I gonna post an updated version of my patchset, which introduced the issue,
with the fix merged (and some other minor changes).

Thanks!


> 
> I recommend to run
> ./run_kselftest.sh -c cgroup
> 
> >
> > Can you, please, provide some additional information?
> > How easy to reproduce it?
> 
> It is always reproducible on qemu-arm64, FVP, x86 with a given config.
> 
> > Do you see it every time or with some probability?
> 
> Always with selftests: cgroup: test_core.
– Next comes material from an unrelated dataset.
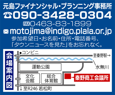 なぜか資産運用がうまくいかない方、必聴。多くの顧客を抱えるファイナンシャル・プランナー(FP)元島健二さん(商工会議所会員)が、金融機関では決して聞けない資産運用や損失解消法など、本来の安定運用ノウハウを分かりやすく解説するセミナー「お金が殖える仕組み創り(資産運用編)」が3月14日(土)に、秦野商工会議所3階会議室で開かれる。主催は(株)マネーコンサルティンググループとNPO法人日本FP普及協議会。セミナー参加特典として無料個別相談にも応じる。時間は午後1時〜3時。定員は15人。参加希望者は電話またはメールで申し込みを(FAXも可)。
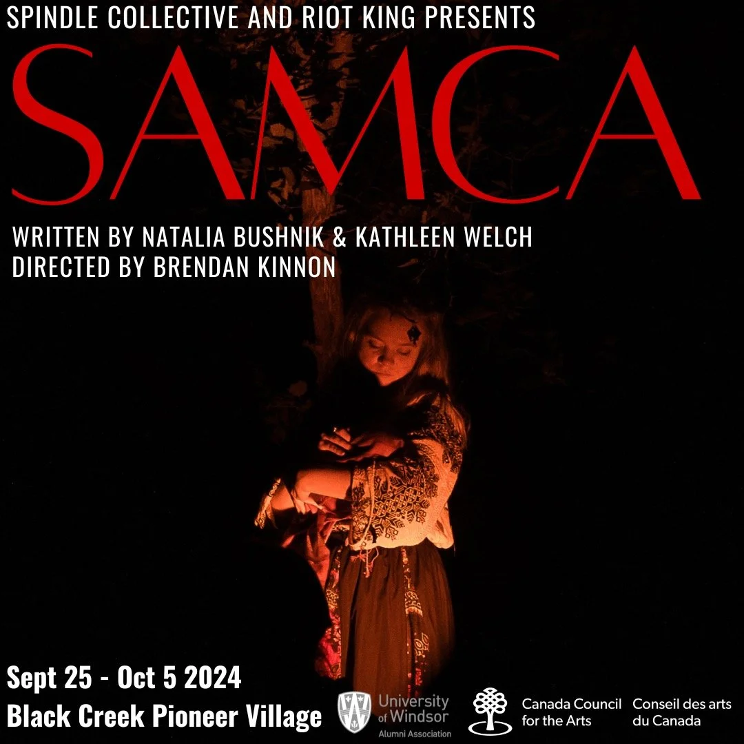 SAMCA has been in development since 2021. In that time, SAMCA was a Top Ten Finalist in the 2021 Wildfire National Playwriting Competition, won First Place at the 2022 Hamilton Fringe New Play Contest, has received funding from the Ontario Arts Council as recommended by Nightswimming in 2022, Why Not Theatre in 2023 and from the Toronto Arts Council Project Fund in 2023. In July of 2023, a scaled down version of SAMCA was presented to sold-out audiences at the ‘In the Soil’ Festival as a special site-specific/roaming presentation in Burgoyne Woods.

> I generally run all selftests: cgroup: *
> 
> > Do you see it on other platforms?
> qemu-arm64, FVP, x86.
> 
> > Can you, please, check where exactly the crash happens using addr2line?
> 
> I have provided links to build, test logs and steps to reproduce scripts.
> 
> Is this an interesting log ?
> 
> # selftests: cgroup: test_core
> # ok 1 test_cgcore_internal_process_constraint
> # ok 2 test_cgcore_top_down_constraint_enable
> # ok 3 test_cgcore_top_down_constraint_disable
> # ok 4 test_cgcore_no_internal_process_constraint_on_threads
> # ok 5 test_cgcore_parent_becomes_threaded
> # ok 6 test_cgcore_invalid_domain
> # ok 7 test_cgcore_populated
> # ok 8 test_cgcore_proc_migration
> # ok 9 test_cgcore_thread_migration
> # ok 10 test_cgcore_destroy
> # ok 11 test_cgcore_lesser_euid_open
> # ok 12 test_cgcore_lesser_ns_open
> <1>[  188.504854] Unable to handle kernel NULL pointer dereference at
> virtual address 0000000000000000
> <1>[  188.505724] Mem abort info:
> <1>[  188.506036]   ESR = 0x0000000096000044
> <1>[  188.507539]   EC = 0x25: DABT (current EL), IL = 32 bits
> <1>[  188.508268]   SET = 0, FnV = 0
> <1>[  188.508895]   EA = 0, S1PTW = 0
> <1>[  188.509517]   FSC = 0x04: level 0 translation fault
> <1>[  188.510279] Data abort info:
> <1>[  188.511513]   ISV = 0, ISS = 0x00000044, ISS2 = 0x00000000
> <1>[  188.512757]   CM = 0, WnR = 1, TnD = 0, TagAccess = 0
> <1>[  188.513333]   GCS = 0, Overlay = 0, DirtyBit = 0, Xs = 0
> <1>[  188.514316] user pgtable: 4k pages, 48-bit VAs, pgdp=0000000104934000
> <1>[  188.516277] [0000000000000000] pgd=0000000000000000, p4d=0000000000000000
> <0>[  188.517886] Internal error: Oops: 0000000096000044 [#1] PREEMPT SMP
> <4>[  188.518838] Modules linked in: crct10dif_ce sm3_ce sm3 sha3_ce
> sha512_ce sha512_arm64 fuse drm backlight dm_mod ip_tables x_tables
> <4>[  188.521105] CPU: 0 PID: 57 Comm: kworker/0:2 Not tainted
> 6.6.0-rc4-next-20231006 #1
> <4>[  188.521750] Hardware name: linux,dummy-virt (DT)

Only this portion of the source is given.